Well, at least he didn't have any delusions. He was scrawny, bookish, and, judging from the fresh acne scars, younger than I expected. He looked as if he should have been writing for his college paper instead of the Springfield Bulletin. A scraggly beard, probably grown to make him look older, was just filling in. He pulled his car around to the right-hand side of the Peacock house.
"Nice wheels."
"Thanks. Got it on eBay. Still needs a little work. So, your highness," he said, hands on his non ex is tent hips, "why did you finally decide to grant me an audience? You must want something pretty bad."
So much for being cagey. "I have some stuff I'd like to show you. There's a cottage in the back. We can talk there."
"Okay. Great place," he said, looking around as we walked across the terrace to the herb cottage. I could see him trying to calculate the property's value. "Helluva job you've done here. It was a dump." He turned to me. "Were you here that first day when the Mexican guy said you weren't?"
"Of course not," I protested, although I had been there the second time he stopped by, crouching in the maze until Felix assured me the coast was clear.
Inside the cottage, we brushed off the rickety chairs and sat down. I started to empty my backpack onto the old wooden table Dorothy must have used to prepare her herbs. Then I stopped. "You have to promise me something."
"Conditions? I don't like this already. Where's the trust?"
I wondered if I should go ahead. "The only reason I'm talking to you is to clear Hugo Jurado's name. I have a feeling the baby I found and a missing girl may be connected to Guido's stabbing." I was having a hard time spitting it out; you'd
think I was coming out myself. "There's something about the Peacock sisters . . ."
"You mean that they were carpet munchers?"
I winced. "Do you kiss your mother with that mouth?"
"We went back and forth on that at the paper," he said, trying to sound like a grizzled veteran. "To me, news is news—'All the print that fits,' as my junior high school paper taught me."
Chappell claimed his editor yanked all his best stuff.
CRAZED LESBIANS SACRIFICE BABY. HOW MANY MORE DID THEY KILL?

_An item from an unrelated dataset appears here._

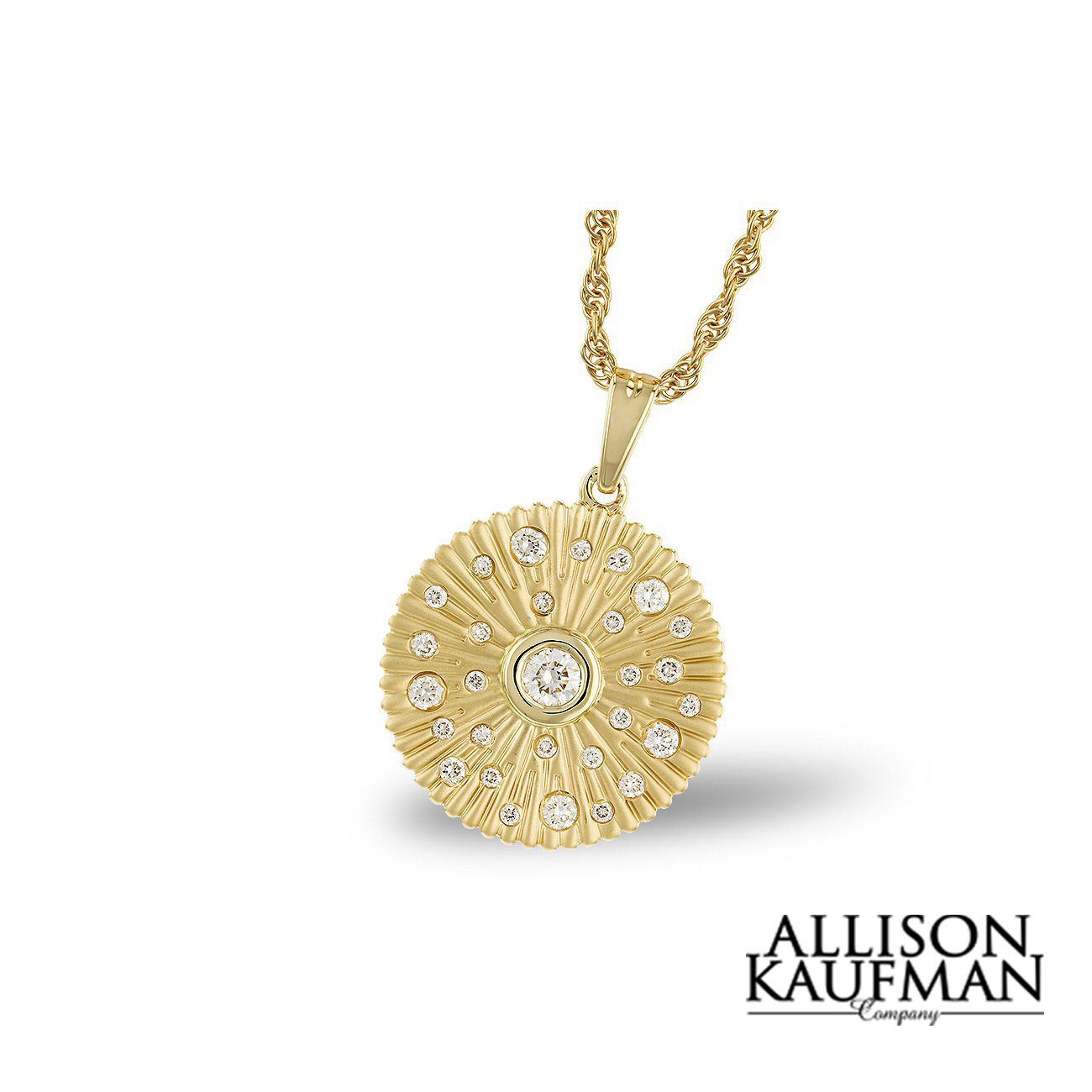 Radiant 14 karat yellow gold diamond “starburst” necklace. There are 0.24 cttw diamonds bezel set on the pendant to give a “starburst” appearance. Minimal and elegant.

I couldn't tell if he was kidding. "I knew he'd never let those stories run. Hypocrite. He said it was like putting in all the gory details of a child murder—who needs to know? 'The Bulletin's not the Enquirer, you know. When does it stop being news and start being pandering?' " he said, mimicking the editor I was starting to like. "Damned if I know." He shrugged. "I spent all of my time in ethics class hitting on the girl next to me. Great rack. She wanted to be an anchor—not a reporter, an anchor."
I was betting she never gave this weasel a tumble.
"I can't make any promises," he said, "but you should feel better since we already knew they were sweethearts and haven't printed it. No promises about the missing girl either. So now you've got me interested, who is she?"
I hated his style and still wasn't sure I could trust him, but I needed him. I had no choice. I showed him everything: scribblings, notes, and the faded missing persons notice Fraser had given me.
"Pretty girl."
"I think you'll agree it's unlikely one of the 'sisters' was the mother of the baby. Yolanda Rivera disappeared around here sometime in the early seventies. I think she may be connected to the body. And Guido Chiaramonte may be connected to her."
"So the baby was wearing a Mexican necklace. O'Malley didn't tell me that. Probably wanted to keep the crackpots and fake confessors away. And a Mexican girl went missing some years ago. Doesn't this give your amigo even more of a motive?" Jon asked.